Finally, we think of lists and trees as ways of storing information. In this connection we note that there is a difference between a position in a list, for example, and the term which is stored there, and the same thing holds for trees. In particular, a single data item can be stored in many different positions in a list or a tree. But ``the third position in list L,'' defines a unique individual: two things which are both the third position in list L must necessarily be the same thing. Similarly with trees: there may be many different occurrences of the label np in a tree, but there is at most one node which is the second daughter of the first dauther of the second daughter of the root. In what follows we will refer to as labels the data items we are storing in a structure, that is, the things which can appear any number of times. We will refer to as names the descriptions we use to pick out individual storage locations. We observe immediately that there is a one-to-one relation between storage locations in a list or tree data type and individuals (string positions or tree nodes) in their intended denotations.

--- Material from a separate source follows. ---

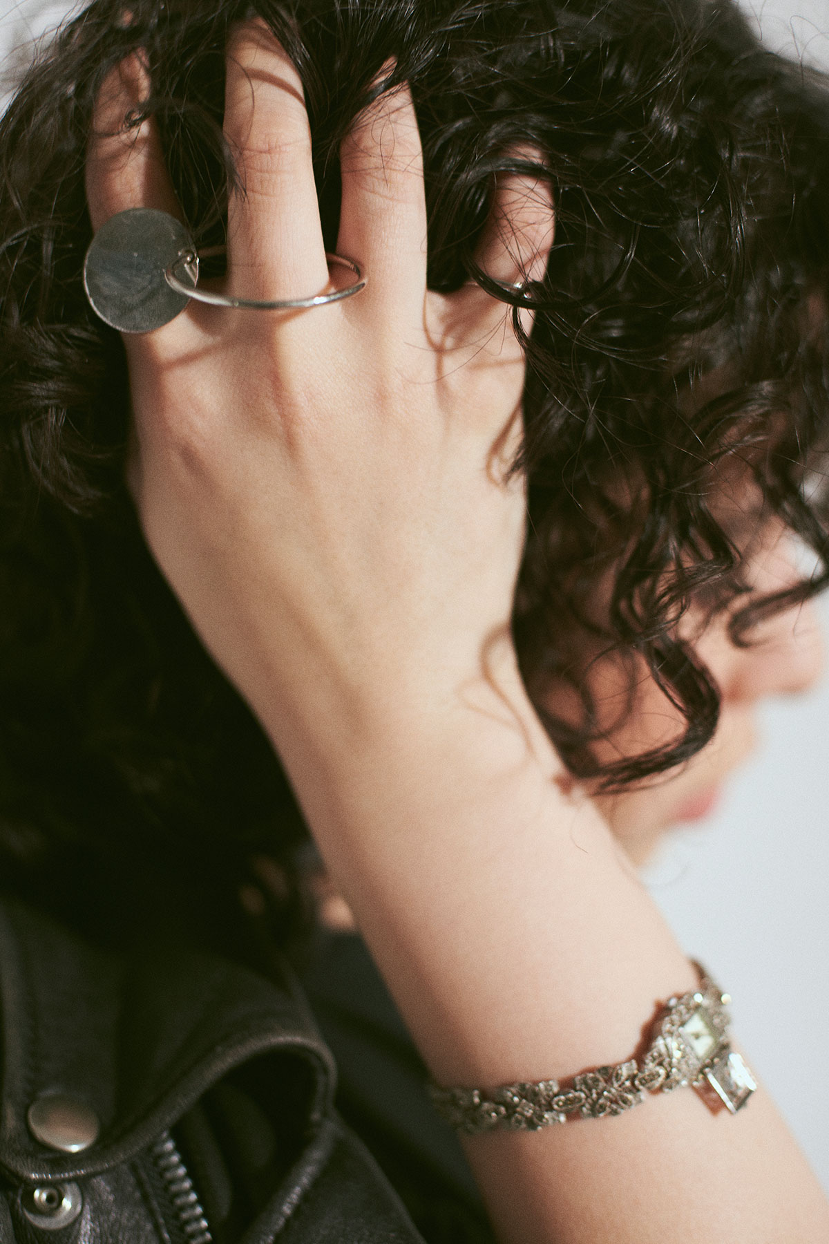 オールシルバーで統一した手元のアクセサリーはアーティなフォルムのもの、アンティーク感溢れるものをバランスよくミックス。

These are all properties which we will not be able to maintain when we try to represent (general) graphs.

The simplest representation (though not the most efficient) is to encode the set of graph nodes as a list of node names and the arc relation as a list of pairs of node names. For example, the arc relation for the tree in figure 7.1 could be represented (rather sloppily) as the list
[arc(s,np), arc(np,det), arc(det,the), arc(np,noun), arc(noun,dog), ... ]
Note that this encoding of the graph collapses the arc relation and the node labeling function. We can only use this trick when each node has a unique label! If for example we constructed the phrase structure tree for the sentence the dog is barking at a cat, which contains a second noun phrase---a cat---then we might have two nodes both mapped to the symbol np. Then we would risk confusing the paths leading out of the first np-node with those leading out of the second! The difference between a node name and a node label is a little subtle but it boils down to just exactly this point. Many nodes can share the same label, but if two nodes have the same name then they are the same node.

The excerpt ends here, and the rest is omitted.